**Exercise goal:** Line count for the string "casual": state how many lines in the records below hold it, giving only the number.

**Provided entries:**
----
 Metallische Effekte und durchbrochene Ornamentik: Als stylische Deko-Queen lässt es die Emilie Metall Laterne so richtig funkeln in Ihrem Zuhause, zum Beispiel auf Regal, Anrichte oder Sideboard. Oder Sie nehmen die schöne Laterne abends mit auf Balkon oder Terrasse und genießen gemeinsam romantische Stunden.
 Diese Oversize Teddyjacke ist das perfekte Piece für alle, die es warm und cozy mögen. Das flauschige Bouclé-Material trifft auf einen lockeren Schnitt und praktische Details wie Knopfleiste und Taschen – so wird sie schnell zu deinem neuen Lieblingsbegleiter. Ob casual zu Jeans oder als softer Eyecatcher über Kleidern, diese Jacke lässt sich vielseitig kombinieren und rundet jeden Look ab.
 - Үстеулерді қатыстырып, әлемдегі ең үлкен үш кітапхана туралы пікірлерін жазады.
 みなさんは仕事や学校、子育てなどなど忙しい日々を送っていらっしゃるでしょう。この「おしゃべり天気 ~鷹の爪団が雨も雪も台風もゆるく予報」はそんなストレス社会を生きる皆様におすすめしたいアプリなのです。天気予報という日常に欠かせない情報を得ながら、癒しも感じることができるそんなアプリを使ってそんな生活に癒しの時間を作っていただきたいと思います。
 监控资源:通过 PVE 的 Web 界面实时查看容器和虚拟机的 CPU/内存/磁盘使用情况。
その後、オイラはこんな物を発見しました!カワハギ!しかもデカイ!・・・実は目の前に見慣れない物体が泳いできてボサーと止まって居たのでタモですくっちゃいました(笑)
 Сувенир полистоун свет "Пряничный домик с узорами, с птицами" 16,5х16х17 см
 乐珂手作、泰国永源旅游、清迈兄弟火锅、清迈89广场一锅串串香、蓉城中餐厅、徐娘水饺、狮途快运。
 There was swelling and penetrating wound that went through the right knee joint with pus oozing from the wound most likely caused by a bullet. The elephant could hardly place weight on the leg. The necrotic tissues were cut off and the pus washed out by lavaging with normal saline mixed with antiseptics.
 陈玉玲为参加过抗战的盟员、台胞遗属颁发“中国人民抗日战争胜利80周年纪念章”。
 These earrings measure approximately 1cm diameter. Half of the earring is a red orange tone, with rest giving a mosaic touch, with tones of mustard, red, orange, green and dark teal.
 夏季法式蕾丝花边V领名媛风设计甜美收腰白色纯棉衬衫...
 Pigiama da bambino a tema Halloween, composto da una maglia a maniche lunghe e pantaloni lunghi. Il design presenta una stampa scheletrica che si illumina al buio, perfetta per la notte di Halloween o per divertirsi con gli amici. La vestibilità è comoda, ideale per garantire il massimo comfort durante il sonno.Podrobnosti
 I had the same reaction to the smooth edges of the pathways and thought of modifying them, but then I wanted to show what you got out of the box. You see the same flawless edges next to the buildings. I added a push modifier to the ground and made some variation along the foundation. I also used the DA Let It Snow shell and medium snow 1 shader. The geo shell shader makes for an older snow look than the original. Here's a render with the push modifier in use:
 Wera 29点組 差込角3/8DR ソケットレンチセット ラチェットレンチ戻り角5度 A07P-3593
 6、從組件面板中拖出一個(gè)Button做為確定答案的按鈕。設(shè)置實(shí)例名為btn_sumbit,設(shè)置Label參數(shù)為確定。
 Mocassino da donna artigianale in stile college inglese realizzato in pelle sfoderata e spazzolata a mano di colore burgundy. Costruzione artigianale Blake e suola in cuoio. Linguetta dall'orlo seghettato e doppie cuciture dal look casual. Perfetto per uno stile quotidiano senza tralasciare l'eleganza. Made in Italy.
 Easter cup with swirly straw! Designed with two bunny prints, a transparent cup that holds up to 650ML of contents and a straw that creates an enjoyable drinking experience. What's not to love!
----
**Response to this task:** 2